# Seafood Stuffed Pork Chops (Cajun Corner)



## Brainbucket (Mar 30, 2015)

4 pork chops 1 1/2 inch thick each
1/2 teaspoon Worcestershire sauce
1/4 teaspoon red pepper
1/8 teaspoon white pepper


Stuffing:
1/2 stick butter
1 onion chopped
1 rib celery chopped
1 cup chopped fresh mushrooms
2 tablespoons chopped green onions
2 toes garlic minced
1 tablespoon chopped parsley
1/2 bell pepper chopped
1/2 teaspoon Worcestershire sauce
1/2 cup deveined shrimp
1/2 cup Italian bread crumbs
8 oz. milk
2 egg whites


Melt butter and sauté onion, celery, bell pepper, and mushrooms.
Add green onions, parsley, garlic, and Worcestershire sauce.

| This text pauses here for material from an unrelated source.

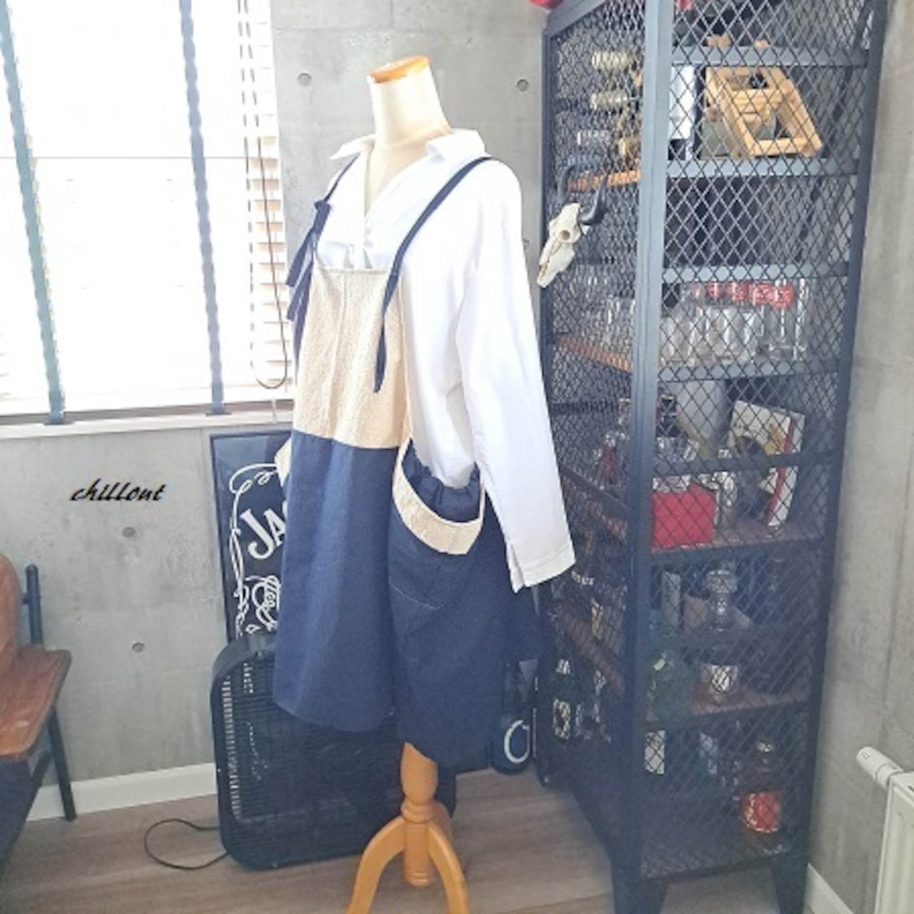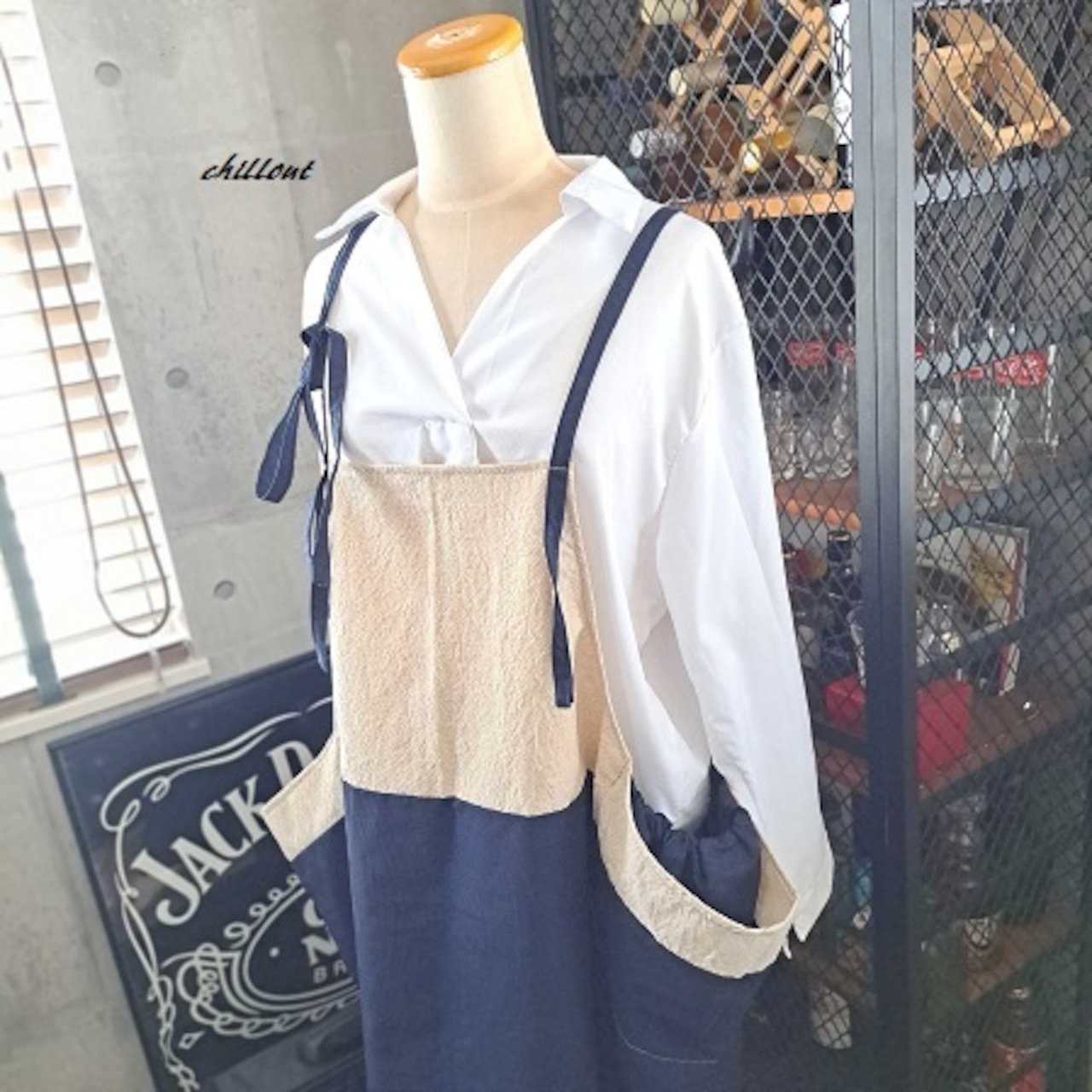 リネン×ネイビーの切替デザインエプロンが出来上がりました。

Sauté 2 minutes. Add shrimp, sauté 2 minutes. Add milk, egg whites, and bread crumbs. Simmer 3 minutes.
Cut horizontal pockets in pork chops and add equal portions of stuffing. Sprinkle with Worcestershire sauce and pepper.
Bake in preheated oven, 350 degrees, for 1 hour to 1 hour 15 minutes. :vs_cool:


----------



## BayouRunner (Feb 5, 2016)

I might give this one a try. Thanks Clutch


Sent from my iPhone using Tapatalk


----------



## Windows on Wash (Aug 30, 2011)

When you gonna start cooking cause all you are doing is making me hungry


----------



## RockyMtBeerMan (Dec 12, 2018)

Mind. Blown.

*wipes drool on sleeve*

This is a keeper!


----------